O Conselho Municipal de Assistência Social de Franca (CMAS), através de sua presidente, Lucineia Silva Sartori Coelho, participou da sessão da Câmara Municipal de Franca, desta terça-feira (19), para esclarecer alguns pontos, principalmente a denúncia de assédio moral na Secretaria de Ação Social, referida pela ex-comissionada Marcela Cristina de Barros Francisco, que pediu exoneração na última semana.
Lucineia disse que: “O áudio que veio a público não se refere a nenhuma reunião de CMAS, inclusive desconhecemos a origem de tal reunião”.
Servidora pública há mais de 20 anos, Lucineia acrescentou: “Nem como conselheira nem como servidora tenho essa informação de assédio.

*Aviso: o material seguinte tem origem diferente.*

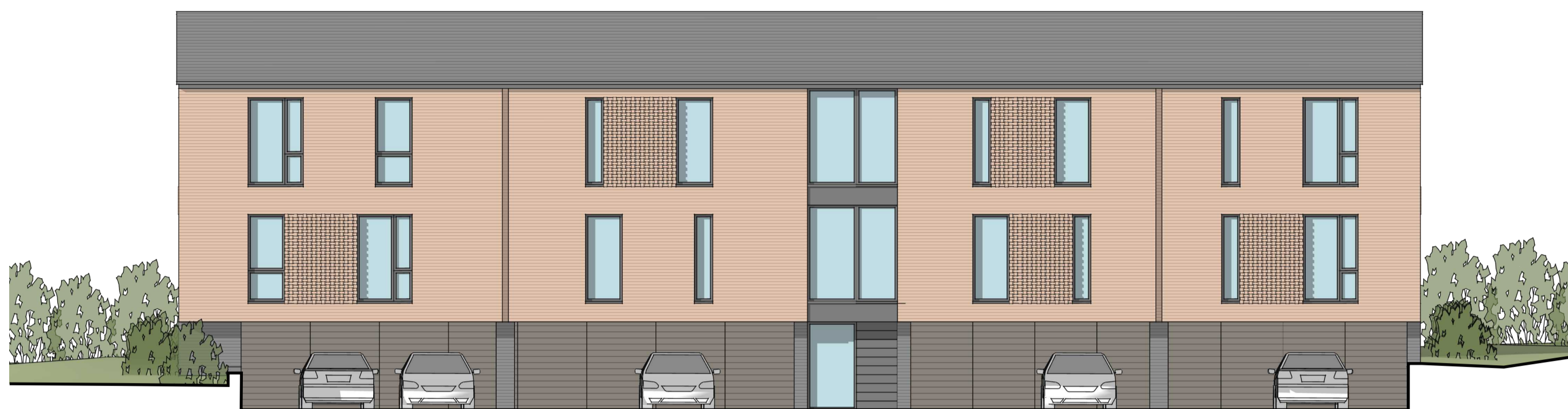
PROPOSED North West Elevation

THESE DRAWINGS ARE PRELIMINARY ONLY AND THE INTENDED DETAILS ARE NOT COMPLETE! THESE ARE NOT FOR CONSTRUCTION PURPOSES

Tem momentos em que a gente tem divergência, mas assédio nunca aconteceu”.
Segundo Marcela, a Prefeitura também estaria perdendo prazo de projetos da pasta deixando de pagar benefícios, e, ao questionar a situação, teria passado a ser perseguida na Secretaria.
O secretário de Ação Social, Vanderlei Tristão, já havia dito que: “As verbas dos programas sociais foram reprogramadas para este ano. Também não há desrespeito moral dentro da Secretaria e, sim, discussão sobre trabalho”.
Em nota pública de esclarecimento, o CMAS destacou: “O Conselho é fiscalizador, sempre se pautou pelo respeito e pela ética e sempre cumpriu o seu papel de acompanhar tanto o órgão gestor quanto as demais instituições e órgãos de controle no intuito de melhoria dos serviços e garantia dos direitos dos usuários da assistência social”.